**PROBLEM STATEMENT**
Each entry below must be repeated exactly. Leave the pictures out of it.

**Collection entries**
==========
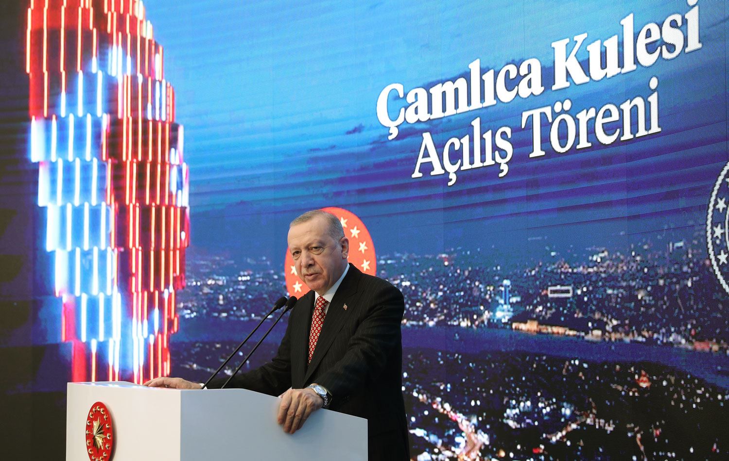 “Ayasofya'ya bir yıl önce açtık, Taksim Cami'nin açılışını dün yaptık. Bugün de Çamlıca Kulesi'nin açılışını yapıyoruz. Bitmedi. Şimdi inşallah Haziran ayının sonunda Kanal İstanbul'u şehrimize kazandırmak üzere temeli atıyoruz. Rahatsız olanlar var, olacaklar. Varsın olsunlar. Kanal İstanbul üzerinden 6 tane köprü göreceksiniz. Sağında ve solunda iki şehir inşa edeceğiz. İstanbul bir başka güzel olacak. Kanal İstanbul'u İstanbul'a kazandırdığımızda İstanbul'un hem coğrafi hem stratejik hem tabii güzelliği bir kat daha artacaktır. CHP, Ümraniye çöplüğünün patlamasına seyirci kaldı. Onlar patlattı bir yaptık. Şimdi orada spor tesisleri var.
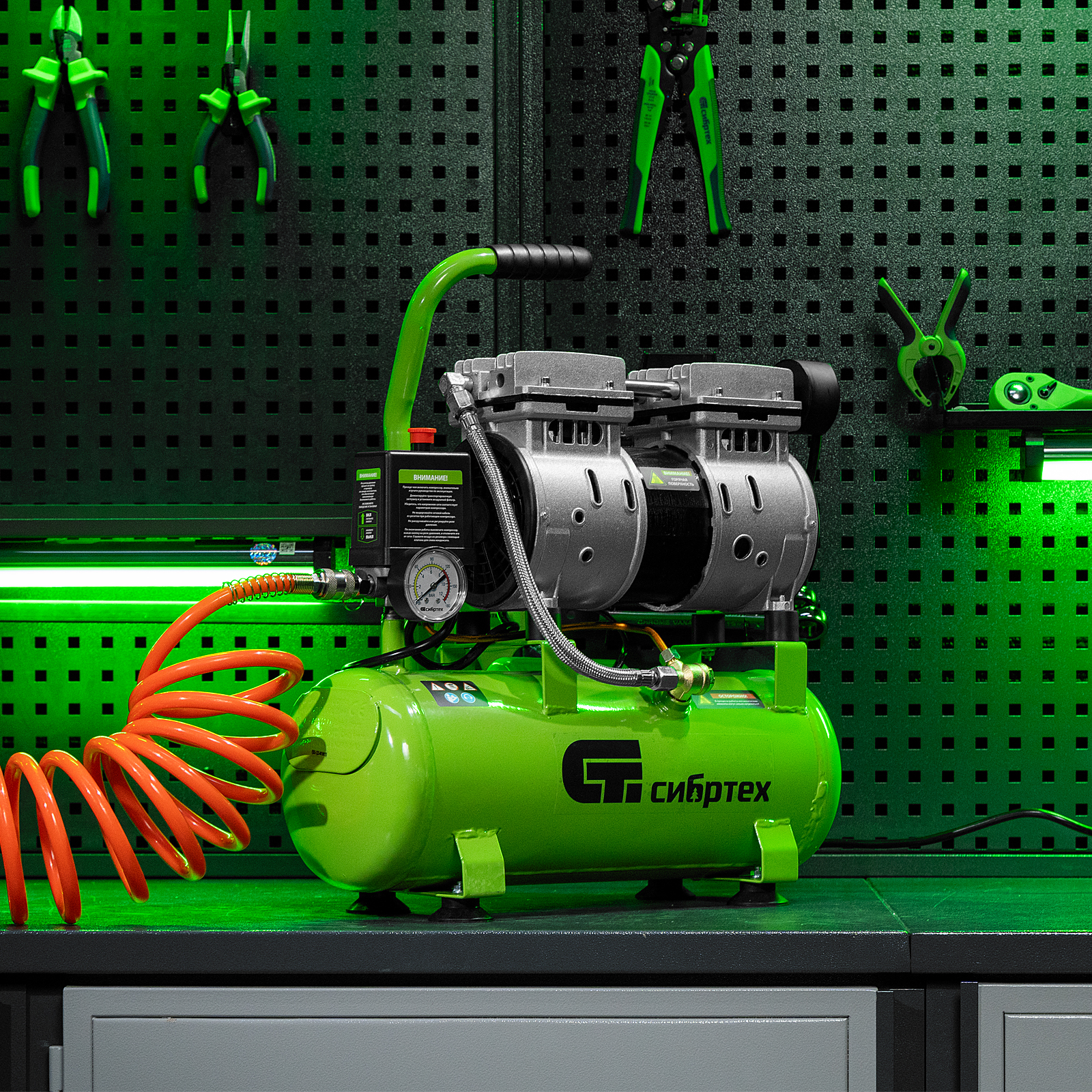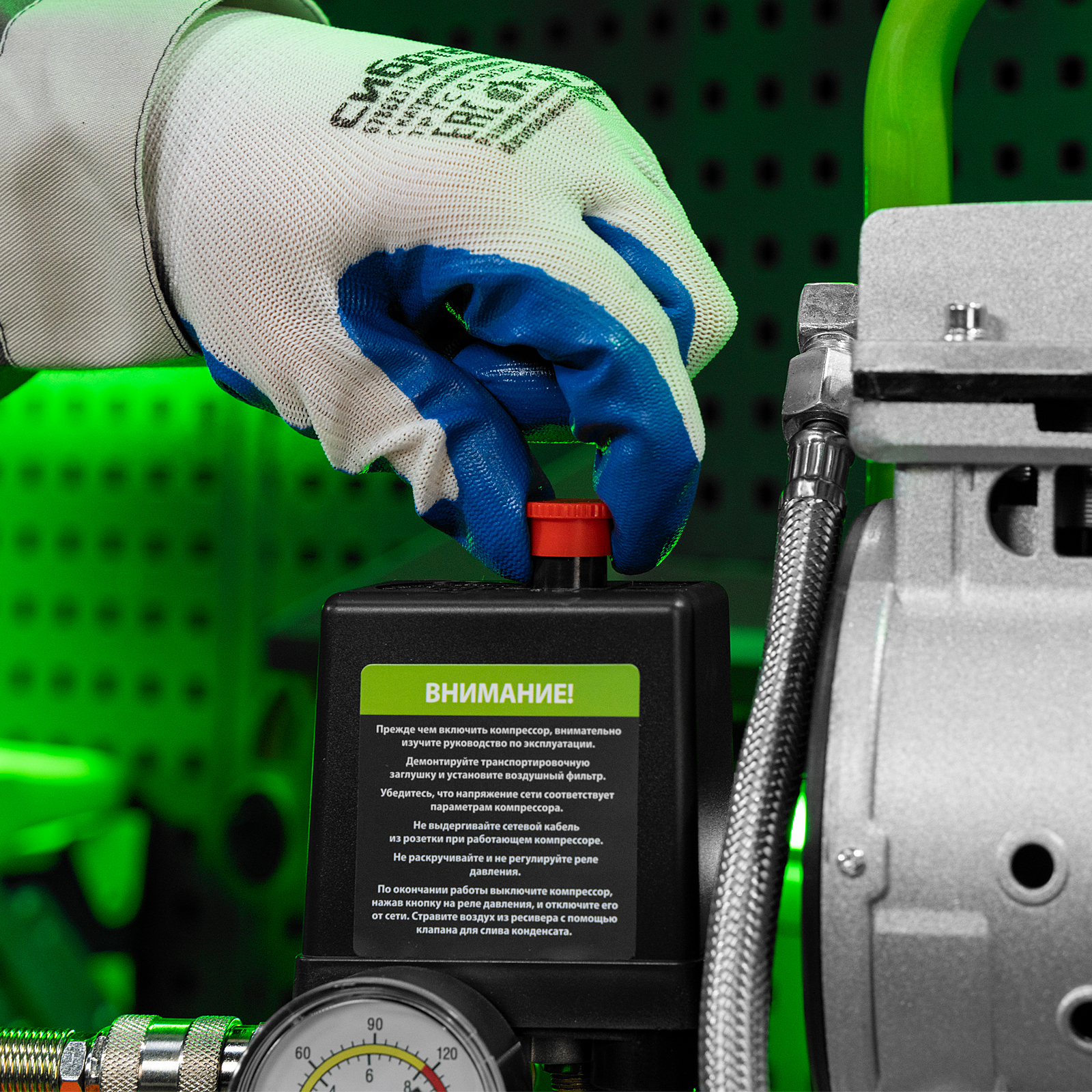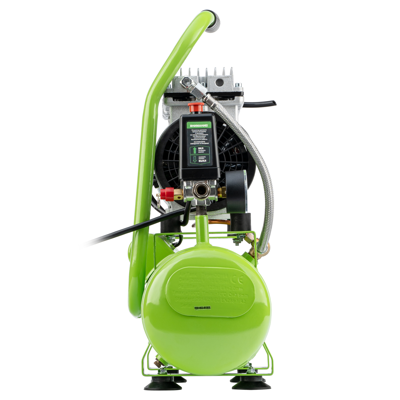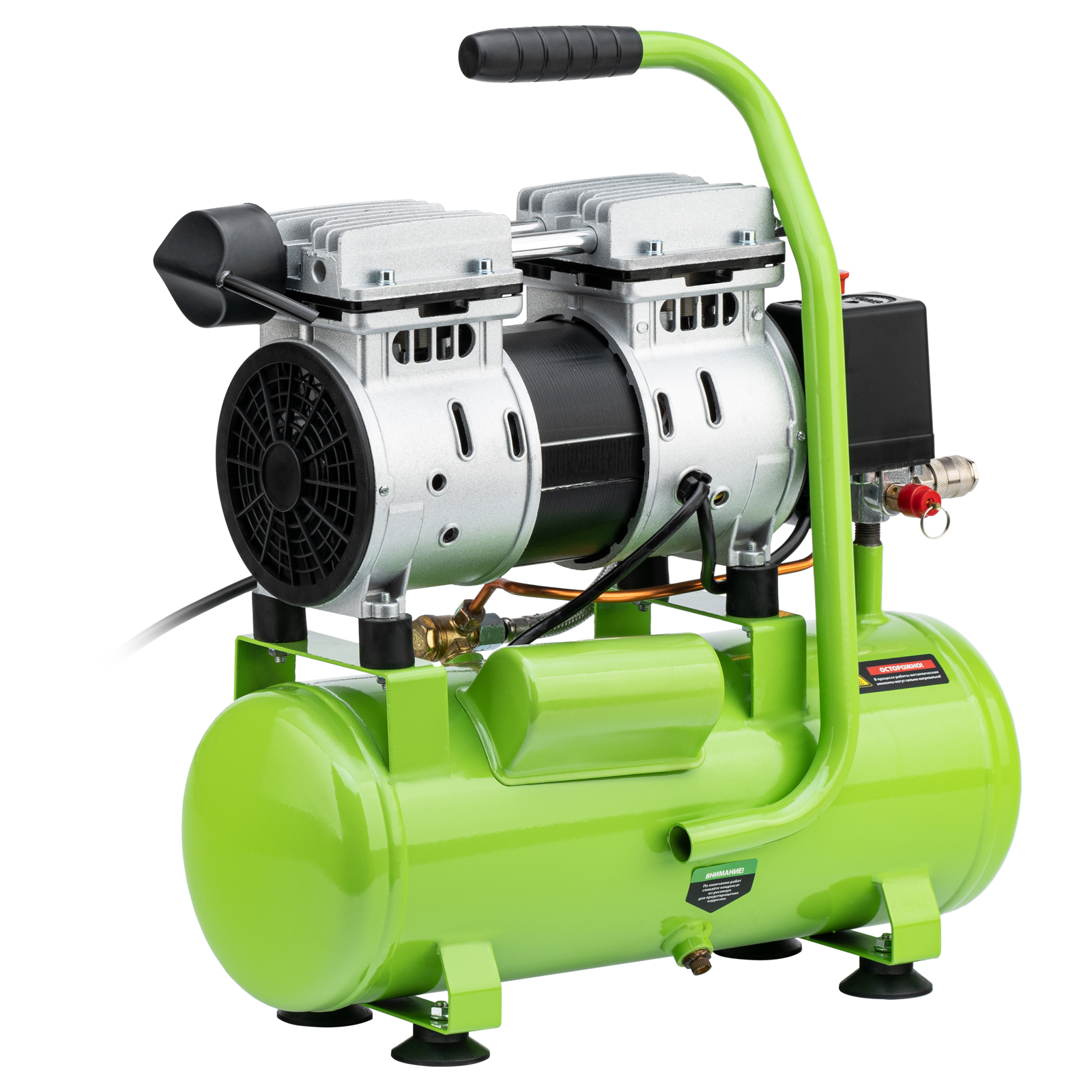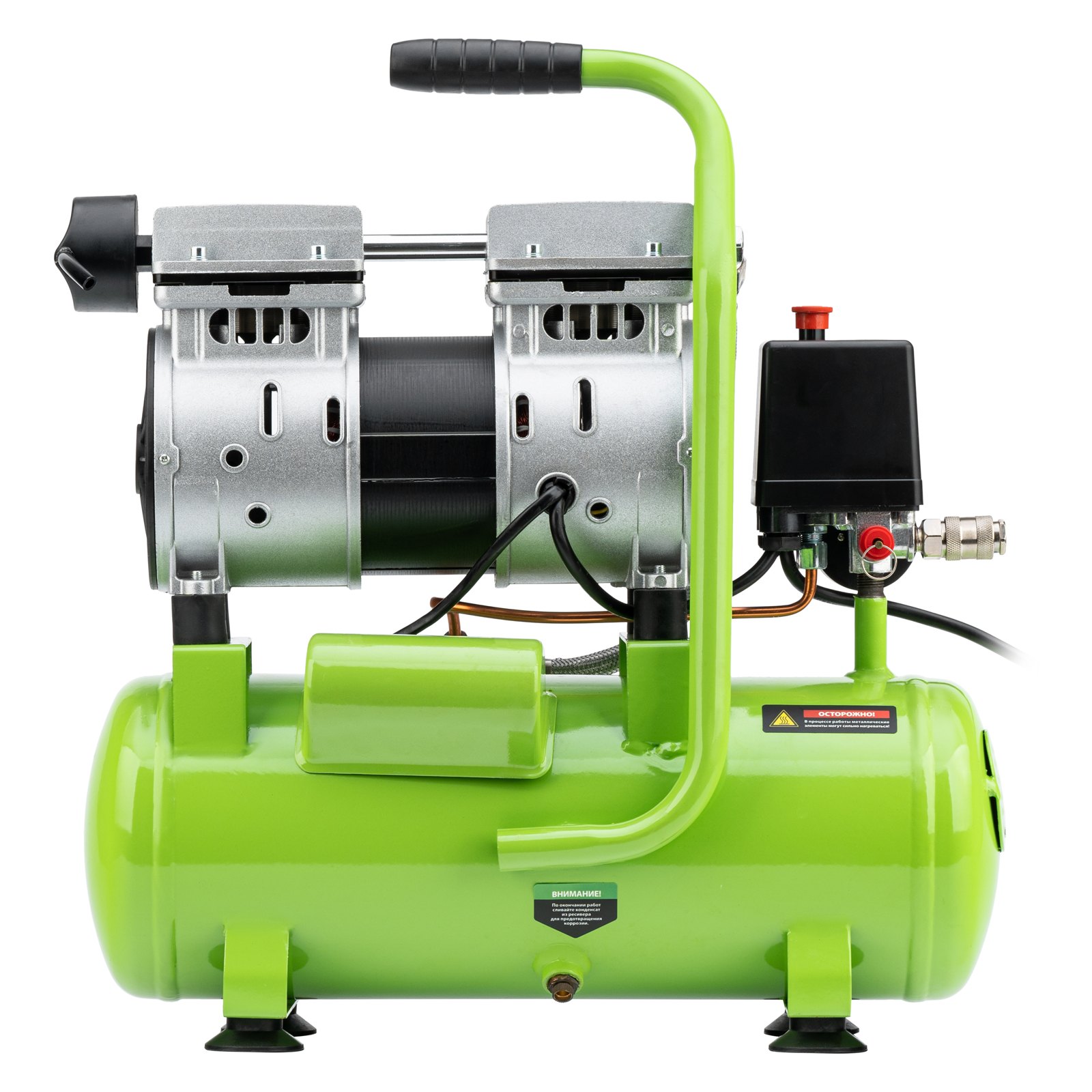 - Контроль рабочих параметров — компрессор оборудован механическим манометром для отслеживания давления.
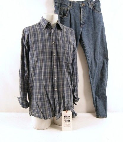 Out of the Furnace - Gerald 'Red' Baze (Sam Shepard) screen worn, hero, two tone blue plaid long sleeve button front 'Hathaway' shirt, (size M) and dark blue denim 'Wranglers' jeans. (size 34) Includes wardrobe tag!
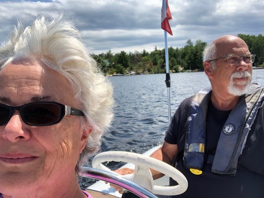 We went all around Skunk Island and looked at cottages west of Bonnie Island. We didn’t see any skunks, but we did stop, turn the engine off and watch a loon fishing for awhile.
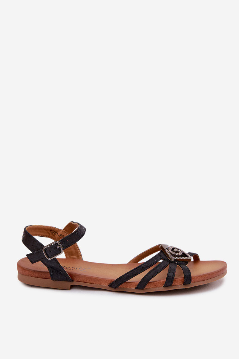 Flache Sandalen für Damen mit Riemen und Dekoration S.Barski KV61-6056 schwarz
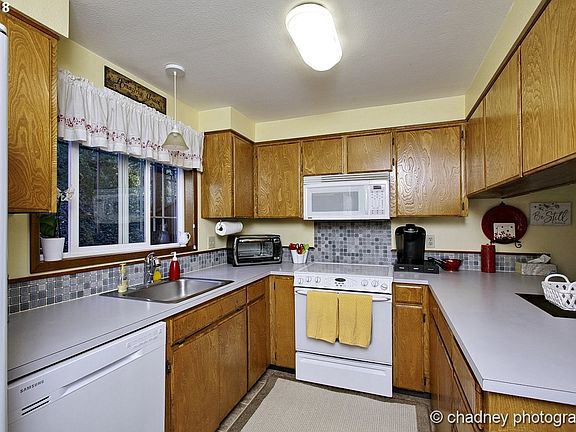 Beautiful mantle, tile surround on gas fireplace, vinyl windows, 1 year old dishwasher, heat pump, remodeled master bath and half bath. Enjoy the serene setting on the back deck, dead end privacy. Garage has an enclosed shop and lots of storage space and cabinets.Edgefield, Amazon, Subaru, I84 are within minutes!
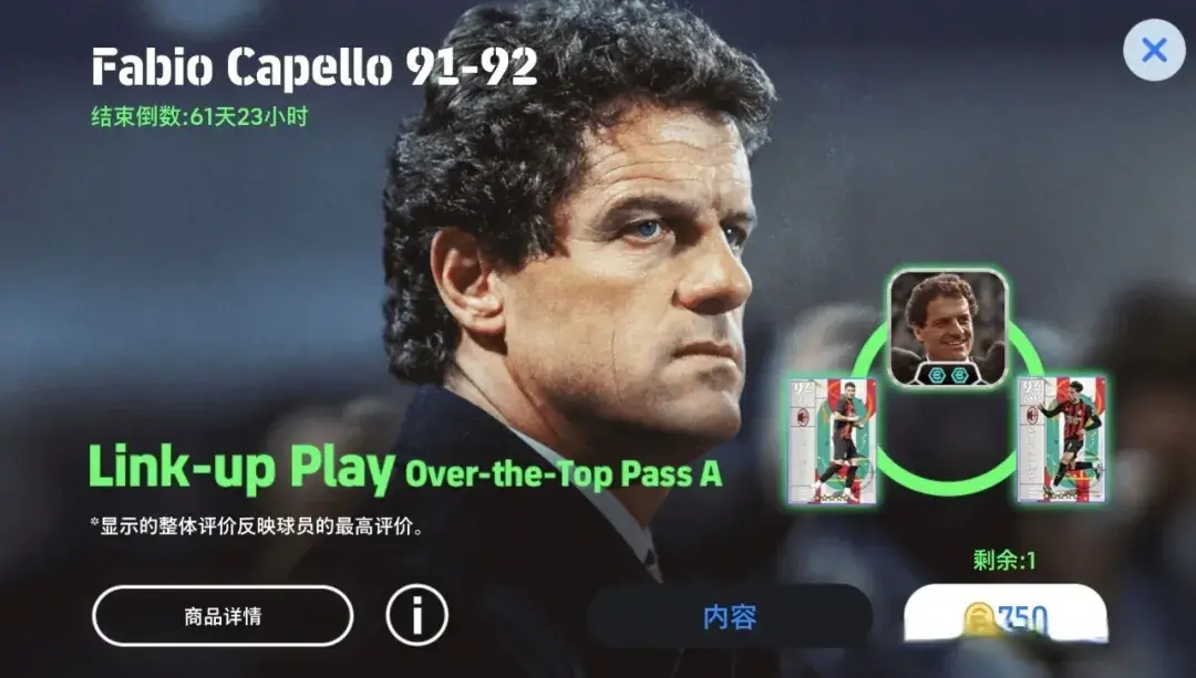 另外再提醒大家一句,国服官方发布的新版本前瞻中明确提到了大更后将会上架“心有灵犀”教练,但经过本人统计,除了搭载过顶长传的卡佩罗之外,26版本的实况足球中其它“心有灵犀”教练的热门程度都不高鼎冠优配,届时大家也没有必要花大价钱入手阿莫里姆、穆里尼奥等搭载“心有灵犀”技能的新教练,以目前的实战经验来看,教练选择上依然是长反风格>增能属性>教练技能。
==========
**OUTPUT OF THE TASK**
 “Ayasofya'ya bir yıl önce açtık, Taksim Cami'nin açılışını dün yaptık. Bugün de Çamlıca Kulesi'nin açılışını yapıyoruz. Bitmedi. Şimdi inşallah Haziran ayının sonunda Kanal İstanbul'u şehrimize kazandırmak üzere temeli atıyoruz. Rahatsız olanlar var, olacaklar. Varsın olsunlar. Kanal İstanbul üzerinden 6 tane köprü göreceksiniz. Sağında ve solunda iki şehir inşa edeceğiz. İstanbul bir başka güzel olacak. Kanal İstanbul'u İstanbul'a kazandırdığımızda İstanbul'un hem coğrafi hem stratejik hem tabii güzelliği bir kat daha artacaktır. CHP, Ümraniye çöplüğünün patlamasına seyirci kaldı. Onlar patlattı bir yaptık. Şimdi orada spor tesisleri var.
 - Контроль рабочих параметров — компрессор оборудован механическим манометром для отслеживания давления.
 Out of the Furnace - Gerald 'Red' Baze (Sam Shepard) screen worn, hero, two tone blue plaid long sleeve button front 'Hathaway' shirt, (size M) and dark blue denim 'Wranglers' jeans. (size 34) Includes wardrobe tag!
 We went all around Skunk Island and looked at cottages west of Bonnie Island. We didn’t see any skunks, but we did stop, turn the engine off and watch a loon fishing for awhile.
 Flache Sandalen für Damen mit Riemen und Dekoration S.Barski KV61-6056 schwarz
 Beautiful mantle, tile surround on gas fireplace, vinyl windows, 1 year old dishwasher, heat pump, remodeled master bath and half bath. Enjoy the serene setting on the back deck, dead end privacy. Garage has an enclosed shop and lots of storage space and cabinets.Edgefield, Amazon, Subaru, I84 are within minutes!
 另外再提醒大家一句,国服官方发布的新版本前瞻中明确提到了大更后将会上架“心有灵犀”教练,但经过本人统计,除了搭载过顶长传的卡佩罗之外,26版本的实况足球中其它“心有灵犀”教练的热门程度都不高鼎冠优配,届时大家也没有必要花大价钱入手阿莫里姆、穆里尼奥等搭载“心有灵犀”技能的新教练,以目前的实战经验来看,教练选择上依然是长反风格>增能属性>教练技能。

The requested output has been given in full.